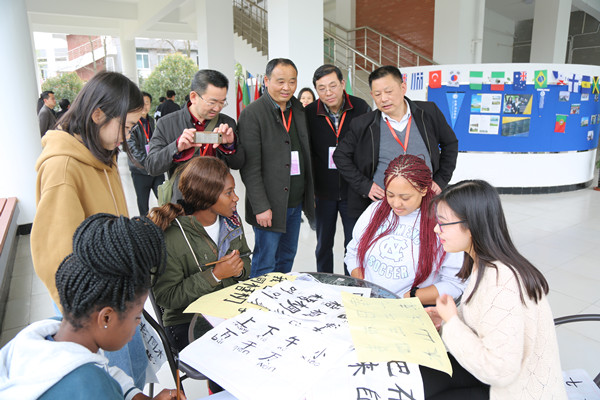 学生志愿者首先向与会嘉宾介绍了位于图书馆二楼正在展出的校创新创业成果展,详细讲解了学校“三个三位一体”人才培养模式以及“学、用、创”创新创业教育体系。随后,与会嘉宾来到了国际教育学院、留学生事务管理办公室,并与学校外教和部分外籍学生进行了简短交流。
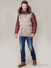 Стильный пуховик средней длины выполнен на контрасте двух видов материала. Особенностью модели являются отстегивающиеся рукава, благодаря чему куртка становится полноценным жилетом. Так же из контрастного материала выполнен съемный капюшон, отделанный натуральным мехом енота по краю. Удобные боковые и нагрудные карманы с клапанами и ветрозащитная планка центральной застежки-молнии делают изделие универсальным и практичным.
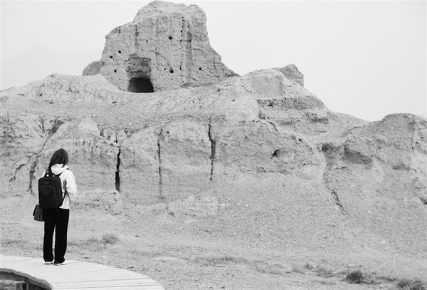 一名游客观赏苏巴什佛寺遗址(3月22日摄)。
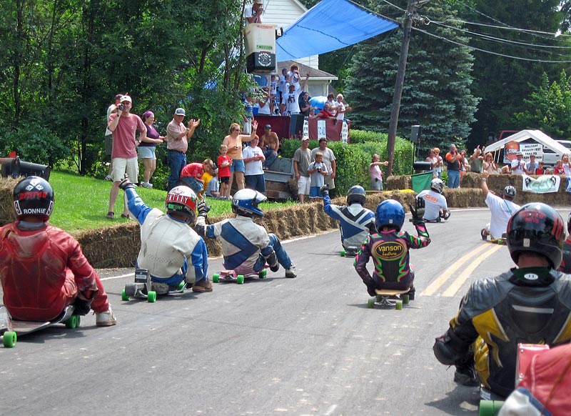 After practice each day, all 75+ riders would "Parade" through the course, waving to fans and friends. These, like the race photos, are arranges geographically, top of hill to bottom. |
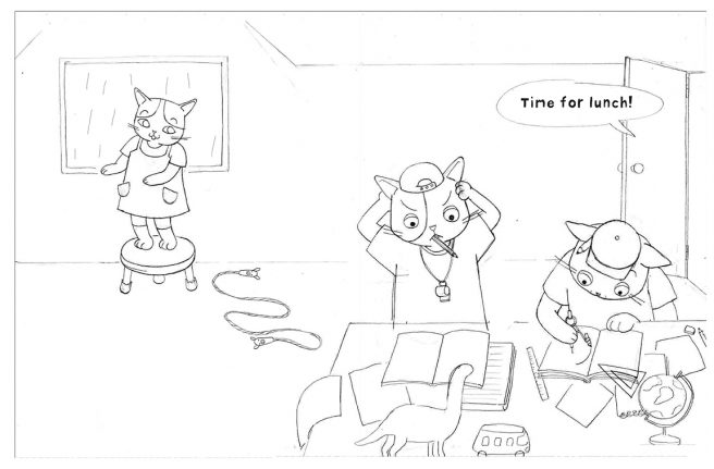I do like drawing animals — a LOT. But I like drawing people, too, so it’s hard to say I prefer one to another. The cat character in the second book was not originally planned. Yoomi was a human girl. But when the book was sold to Holiday House, I was doing some character studies and sent those to my editor asking for her opinion. One of those characters was a cat. It actually wasn’t just for fun. I had an internal debate going on about what the characters should look like.
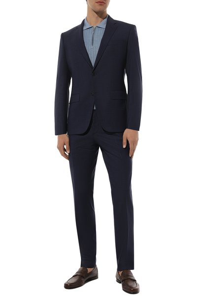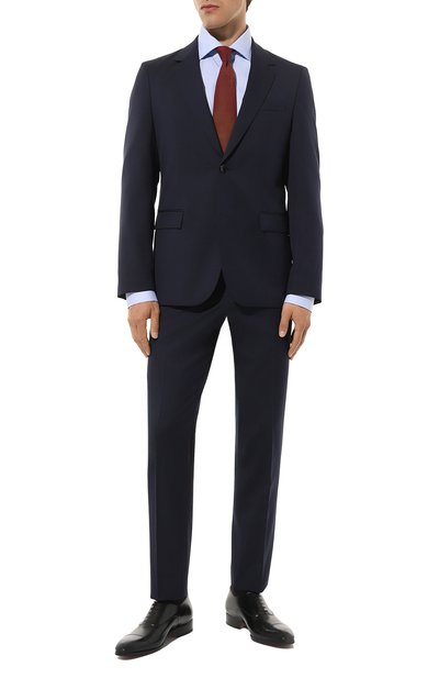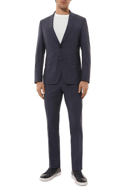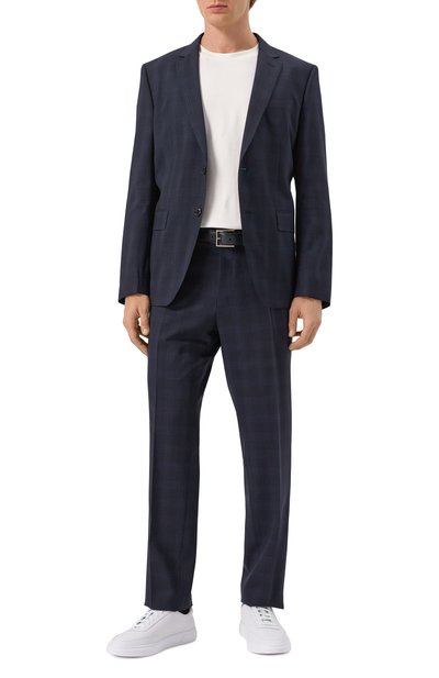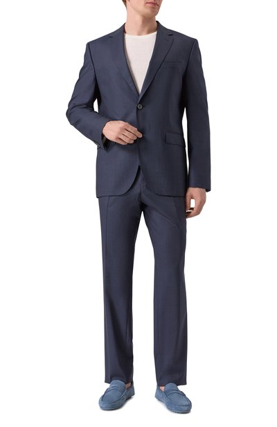 Костюм Jeckson в тонкую полоску выполнили из шерсти первого пострига с небольшим добавлением полиэстера. Пиджак с подкладом на основе вискозы дополнили двумя шлицами сзади, а также нагрудным и парой боковых карманов. У брюк со стрелками предусмотрели четыре кармана.
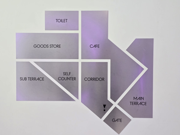 카페는 내부 공간과 테라스 공간이 있다. 내부에는 대형 LED 화면에서 영상이 상영되고 있고, 색을 입힌 창문을 통해 화려한 색깔로 공간이 채워진다. 날씨가 좋으면 테라스에서 하늘을 보며 휴식을 취할 수도 있다.
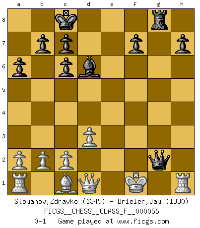 Last move : 0-1 2008 March 20 19:12:0 [Event "FICGS__CHESS__CLASS_F__000056"] [Site "FICGS"] [Date "2008.03.17"] [Round "1"] [White "Stoyanov,Zdravko"] [Black "Brieler,Jay"] [Result "0-1"] [WhiteElo "1349"] [BlackElo "1330"] 1.e4 e5 2.Nf3 Nc6 3.Bb5 a6 4.Bxc6 dxc6 5.d3 Bg4 6.Nbd2 Nf6 7.h3 Be6 8.O-O Bc5 9.Nxe5 Qd6 10.Nef3 O-O-O 11.e5 Qd7 12.exf6 gxf6 13.Ne4 Bxh3 14.gxh3 Qxh3 15.Nxf6 Rd6 16.Ng5 Qg3+ 17.Kh1 Qh4+ 18.Kg2 Rxf6 19.Ne4 Rg8+ 20.Ng3 Bd6 21.Rh1 Rxf2+ 22.Kxf2 Qxg3+ 23.Kf1 Qg2+ 0-1 Ruy Lopez : Exchange variation Kingside Castling by player White (move 8) Queenside Castling by player Black (move 10) Player Black won this chess game. Follow this game move after move (download)A bad plan is better than none at all. (Frank Marshall) Alles was am Schachbrett zählt sind gute Züge. (Robert James Fischer) La partida mas dura de ganar es una partida ganada. (Emanuel Lasker) Vouloir jouer aux échecs contre soi-même est aussi paradoxal que vouloir marcher sur son ombre. (Stefan Zweig) To steal ideas from one person is plagiarism. To steal from many is research. (Unknown)

◆ TASK BRIEF:
Make an exact copy of the lines above, beginning with the line with "After practice each" and ending with the line with "카페는 내부 공간과 테라스", and keep the pictures out of it.

◆ RESULT:
 After practice each day, all 75+ riders would "Parade" through the course, waving to fans and friends. These, like the race photos, are arranges geographically, top of hill to bottom. |
I do like drawing animals — a LOT. But I like drawing people, too, so it’s hard to say I prefer one to another. The cat character in the second book was not originally planned. Yoomi was a human girl. But when the book was sold to Holiday House, I was doing some character studies and sent those to my editor asking for her opinion. One of those characters was a cat. It actually wasn’t just for fun. I had an internal debate going on about what the characters should look like.
 Костюм Jeckson в тонкую полоску выполнили из шерсти первого пострига с небольшим добавлением полиэстера. Пиджак с подкладом на основе вискозы дополнили двумя шлицами сзади, а также нагрудным и парой боковых карманов. У брюк со стрелками предусмотрели четыре кармана.
 카페는 내부 공간과 테라스 공간이 있다. 내부에는 대형 LED 화면에서 영상이 상영되고 있고, 색을 입힌 창문을 통해 화려한 색깔로 공간이 채워진다. 날씨가 좋으면 테라스에서 하늘을 보며 휴식을 취할 수도 있다.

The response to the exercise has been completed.